所以先了解客户端怎么发送数据,才能知道服务端怎么接收数据。使用Driver, 读取Cassandra版本的简单示例 如下:
Cluster cluster = Cluster.builder().addContactPoints(CONTACT_POINTS).withPort(PORT)
.build();
Session session = cluster.connect();
ResultSet rs = session.execute("select release_version from system.local");
Row row = rs.one();
String releaseVersion = row.getString("release_version");
Session是客户端建立的和服务端的会话连接对象,当connect连接建立成功后,实际上客户端和服务端的网络通道已经都打通了。Connection是客户端和服务端节点实际的连接处理对象。

DataStax的Driver是Netty的客户端,Cassadra的nativeServer是Netty的服务端。所以Driver采用Bootstrap连接服务端,服务端采用ServerBootstrap接受客户端的连接。

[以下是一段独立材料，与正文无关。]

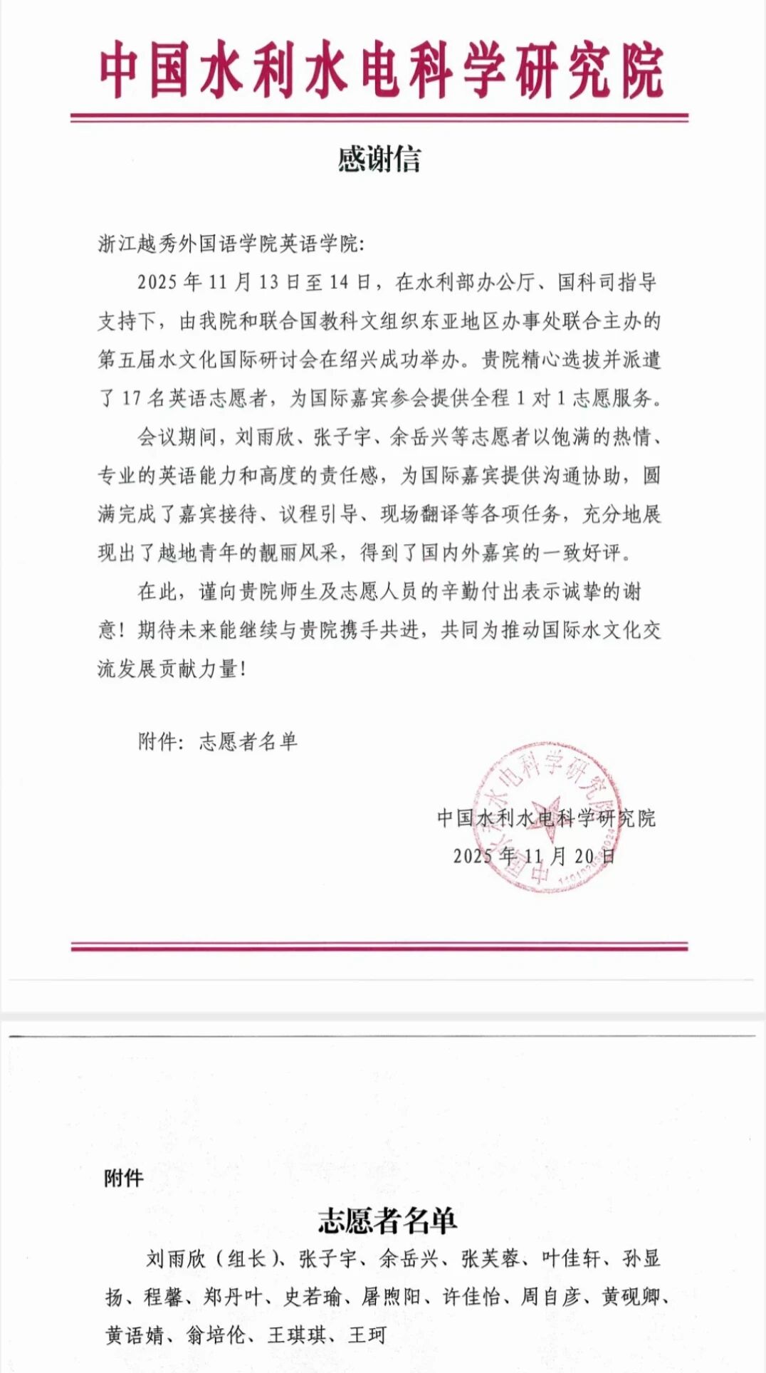 近日,一封来自中国水利水电科学研究院的感谢信送达我院,字里行间满是对英语学院蒲公“英”志愿者在第五届水文化国际研讨会上全情投入与细致服务的高度赞誉。这抹志愿亮色并非孤例,整个十一月,蒲公“英”志愿服务的种子乘风漫撒,在校园与城市的肌理中次第绽放,绘就了一幅满含热忱与担当的青春画卷。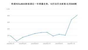 2020年12月,荣威RX5 MAX新能源销量为820辆,环比增长21.30%。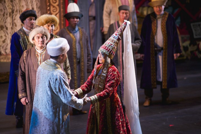 Постановка создавалась выдающимися деятелями искусства Казахстана и Италии. Музыкальный руководитель и дирижер - заслуженный деятель Казахстана, правнук композитора А. Жубанова -  Алан Бурибаев. Режиссер-постановщик - известный итальянский режиссер Джанкарло дель Монако, режиссер-консультант - народный артист Казахстана, профессор Есмухан Обаев, главный хормейстер - заслуженный деятель Казахстана Ержан Даутов. Художественное оформление оперы выполнили знаменитый сценограф современности Эцио Фриджерио и художник по костюмам - обладательница премии "Оскар" Франка Скуарчапино, ассистент художника по костюмам Арасель Досмуратова. Хореографы-постановщики - заслуженные деятели Казахстана Турсынбек Нуркалиев и Галия Бурибаева.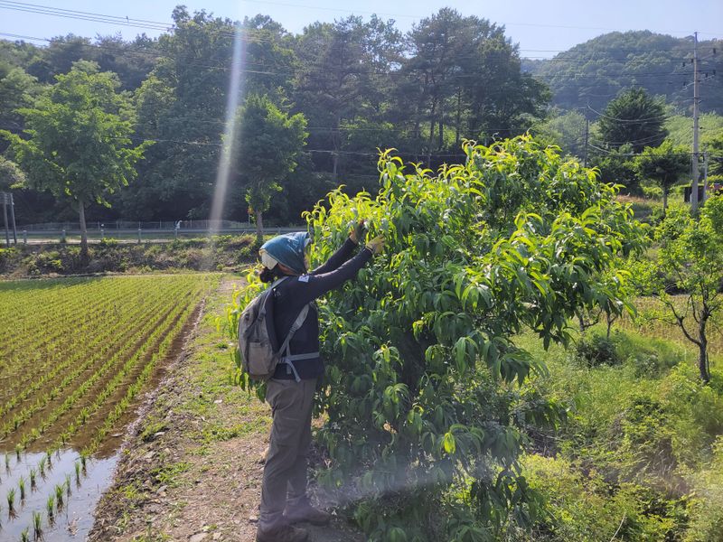 엄나무 밭에 해태망을 치다 말았네요. 준비해간 지줏대가 너무 얕아서 내일 사이즈 긴걸로 준비해서 마무리하려 합니다. 마지막 사진은 지난주 밭 가에 심은 복숭아나무 꽃망울입니다. 언제 꽃을 피워도 이상치 않은 봄날씨, 만끽합니다.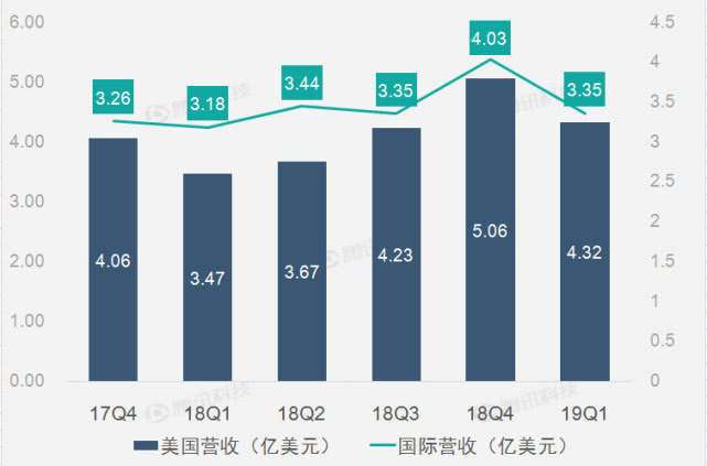 Twitter第一季度美国营收为4.32亿美元,比去年同期增长25%。Twitter第一季度国际营收为3.35亿美元,比去年同期增长11%,按照固定汇率计算同比增长15%。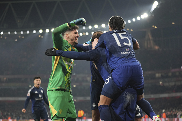 来源:直播车01-13 19:35直播车讯在北京时间1月13日进行的足总杯第3轮一场焦点战中,曼联在客场超过60分钟少打1人情况下顽强将阿森纳拖到点球大战,并且最终总比分6-4淘汰对手,晋级32强。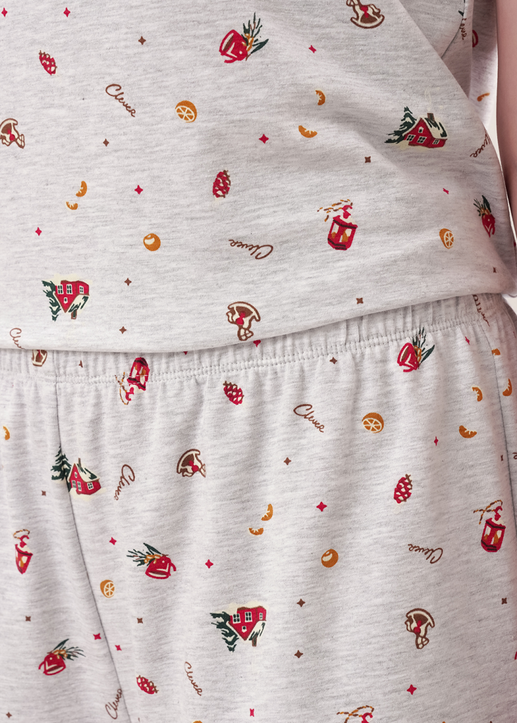 CLE LSET15-1201 Пижама жен. Морозко, меланж св.серый/красный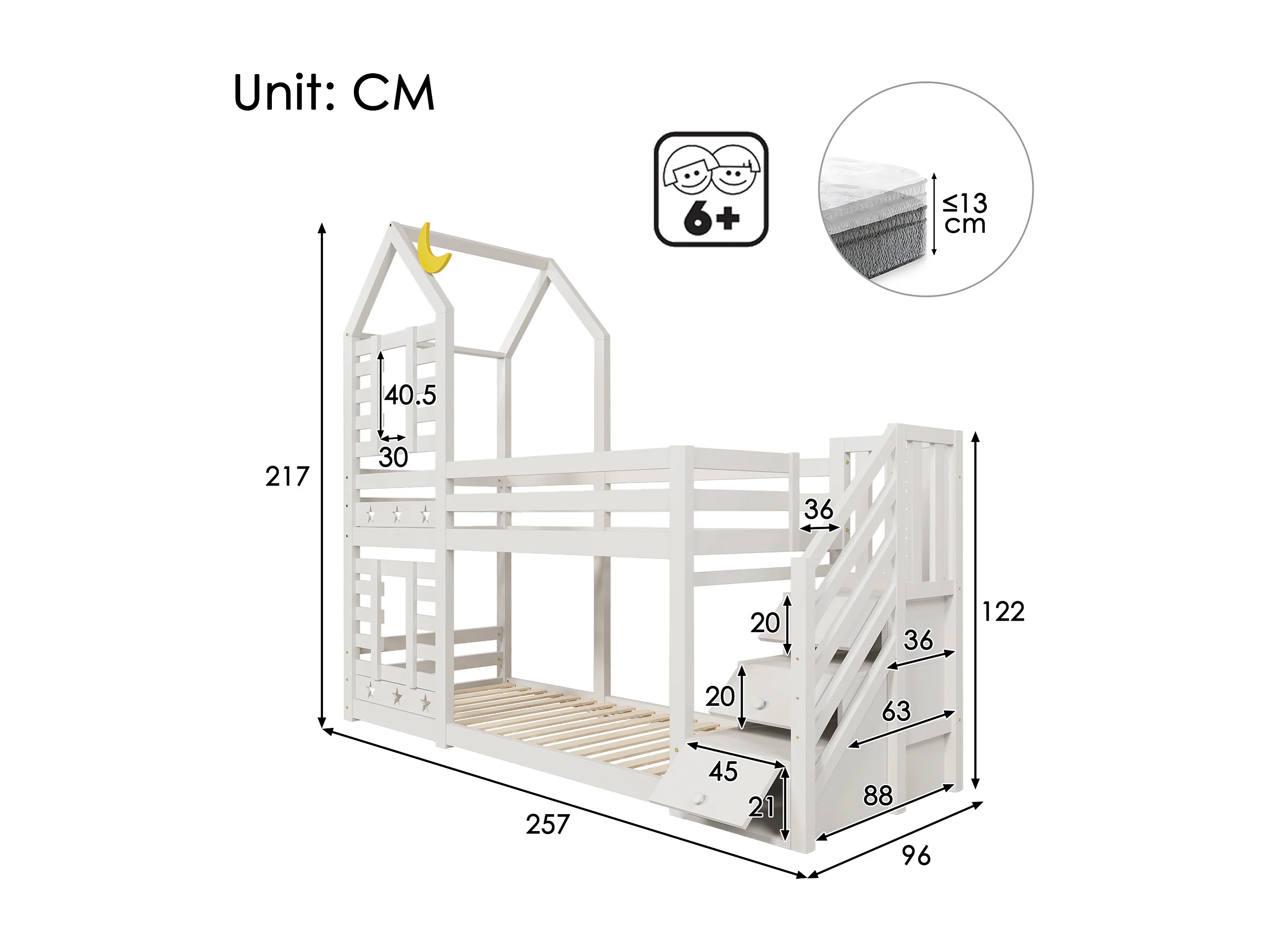 Letto a castello 90x200 cm - con sponda e cassetto - bianco - senza materasso

class Connection {ListenableFuture<Void> initAsync() {
Bootstrap bootstrap = factory.newBootstrap();
ProtocolOptions protocolOptions = factory.configuration.getProtocolOptions();
bootstrap.handler(
new Initializer(this, protocolVersion, protocolOptions.getCompression().compressor(), protocolOptions.getSSLOptions(),
factory.configuration.getPoolingOptions().getHeartbeatIntervalSeconds(),
factory.configuration.getNettyOptions(),
factory.configuration.getCodecRegistry()));
ChannelFuture future = bootstrap.connect(address);
}
}
客户端实际的Handler主要是Initializer,而其中处理请求的是Connection.Dispatcher
private static class Initializer extends ChannelInitializer<SocketChannel> {// Stateless handlers
private static final Message.ProtocolDecoder messageDecoder = new Message.ProtocolDecoder();
private static final Message.ProtocolEncoder messageEncoderV4 = new Message.ProtocolEncoder(ProtocolVersion.V4);
private static final Frame.Encoder frameEncoder = new Frame.Encoder();
private final Connection connection;
private final FrameCompressor compressor;
private final NettyOptions nettyOptions;
private final ChannelHandler idleStateHandler;
private final CodecRegistry codecRegistry;
protected void initChannel(SocketChannel channel) throws Exception {
// set the codec registry so that it can be accessed by ProtocolDecoder
channel.attr(Message.CODEC_REGISTRY_ATTRIBUTE_KEY).set(codecRegistry);
ChannelPipeline pipeline = channel.pipeline();
pipeline.addLast("frameDecoder", new Frame.Decoder());
pipeline.addLast("frameEncoder", frameEncoder);
if (compressor != null) {
pipeline.addLast("frameDecompressor", new Frame.Decompressor(compressor));
pipeline.addLast("frameCompressor", new Frame.Compressor(compressor));
}
pipeline.addLast("messageDecoder", messageDecoder);
pipeline.addLast("messageEncoder", messageEncoderFor(protocolVersion));
pipeline.addLast("idleStateHandler", idleStateHandler);
pipeline.addLast("dispatcher", connection.dispatcher);
nettyOptions.afterChannelInitialized(channel);
}
}
Dispatcher看起来只是负责读取消息的响应结果
class Dispatcher extends SimpleChannelInboundHandler<Message.Response> {protected void channelRead0(ChannelHandlerContext ctx, Message.Response response) throws Exception {
int streamId = response.getStreamId();
ResponseHandler handler = pending.remove(streamId);
handler.cancelTimeout();
handler.callback.onSet(Connection.this, response, System.nanoTime() - handler.startTime, handler.retryCount);
if (isClosed()) tryTerminate(false);
}
}
那么客户端在哪里发送数据呢?我们从示例的session.execute看看能不能找到发送消息的线索。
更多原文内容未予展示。